• The week ended September 4, 2020 saw the S&P 500 decline -1.93%; the index is now up 2.39% for the month and 6.43% YTD.
  • Factor-wise, the best-performing factors YTD were also the best for the week, including Revenue Estimate Dispersion (+4.81% for the week and +14.62% YTD), High Volatility (+2.84% and 15.69%) and High Short Interest. Buyer beware-these factors are also among the worst performing long-term.
  • The FlowPoint Reopening Index declined -2.19% during the week, though more than half the components rose, including AMC Theatres (+19.39% on the week), Carnival Cruises (+12.44%), Chef’s Warehouse (+10.40%) and NJ’s Restaurants (+9.77%).
  • Our FlowPoint Work From Home Index of stocks levered to trends within the “closing” of the economy and the work-from-home phenomenon declined -5.91%, despite its two most popular stocks – Zoom and Peloton – rising +13.78% and +5.16% on the week, respectively.
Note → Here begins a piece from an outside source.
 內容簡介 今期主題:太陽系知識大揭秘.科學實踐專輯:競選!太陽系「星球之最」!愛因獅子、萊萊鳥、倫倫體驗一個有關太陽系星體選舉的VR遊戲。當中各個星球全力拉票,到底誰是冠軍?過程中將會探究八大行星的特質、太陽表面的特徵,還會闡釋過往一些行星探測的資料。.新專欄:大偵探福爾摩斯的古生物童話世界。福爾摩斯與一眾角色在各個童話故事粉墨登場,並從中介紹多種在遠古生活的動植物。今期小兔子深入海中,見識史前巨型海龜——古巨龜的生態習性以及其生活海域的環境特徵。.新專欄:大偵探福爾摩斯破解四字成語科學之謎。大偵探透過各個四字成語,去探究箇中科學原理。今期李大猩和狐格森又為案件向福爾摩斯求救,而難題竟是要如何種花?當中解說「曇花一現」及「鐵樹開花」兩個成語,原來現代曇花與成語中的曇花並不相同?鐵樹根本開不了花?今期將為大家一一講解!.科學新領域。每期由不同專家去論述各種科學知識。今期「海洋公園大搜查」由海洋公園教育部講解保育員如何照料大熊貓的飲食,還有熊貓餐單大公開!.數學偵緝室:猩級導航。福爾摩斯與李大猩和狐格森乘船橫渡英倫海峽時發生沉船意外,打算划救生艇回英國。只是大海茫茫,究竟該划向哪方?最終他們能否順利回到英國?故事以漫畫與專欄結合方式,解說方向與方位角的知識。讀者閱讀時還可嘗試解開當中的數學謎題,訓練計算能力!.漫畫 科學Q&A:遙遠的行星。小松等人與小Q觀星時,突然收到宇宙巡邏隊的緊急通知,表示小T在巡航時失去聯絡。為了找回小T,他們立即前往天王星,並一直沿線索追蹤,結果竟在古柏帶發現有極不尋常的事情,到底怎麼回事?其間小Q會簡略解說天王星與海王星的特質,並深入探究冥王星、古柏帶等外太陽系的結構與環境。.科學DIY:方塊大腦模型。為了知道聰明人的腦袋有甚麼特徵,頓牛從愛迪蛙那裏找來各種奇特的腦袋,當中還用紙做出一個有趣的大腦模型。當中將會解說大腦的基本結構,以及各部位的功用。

The dispersion between the Reopening and Stay at Home Indexes is a meaningful development that began two weeks ago, and we own more “Reopening” stocks than Work-From-Home stocks, including GM, PENN, DIS, ISRG and SHAK. (Wal-Mart is the only WFH long position in our fund).
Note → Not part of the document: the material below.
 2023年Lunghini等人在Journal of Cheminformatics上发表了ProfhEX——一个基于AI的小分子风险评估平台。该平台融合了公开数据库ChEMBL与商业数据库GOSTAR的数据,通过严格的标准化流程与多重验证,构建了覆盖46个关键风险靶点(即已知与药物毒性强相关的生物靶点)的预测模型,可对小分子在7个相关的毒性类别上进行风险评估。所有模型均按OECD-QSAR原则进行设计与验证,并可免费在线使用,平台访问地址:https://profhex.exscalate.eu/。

For the second consecutive week, Leverage was a leading factor in equity returns, up 4.28% for the week and now +4.45% YTD. We noted last week that, long-term, Leverage is a long-term losing factor – looking back a year, 7 years and 15 years, it’s been a detractor to equity performance (see table above).

Similarly, High Volatility stocks worked last week, last month and YTD.  Like stocks with High Short Interest, volatile stocks have giveth in the short-run, though they taketh in the long-term.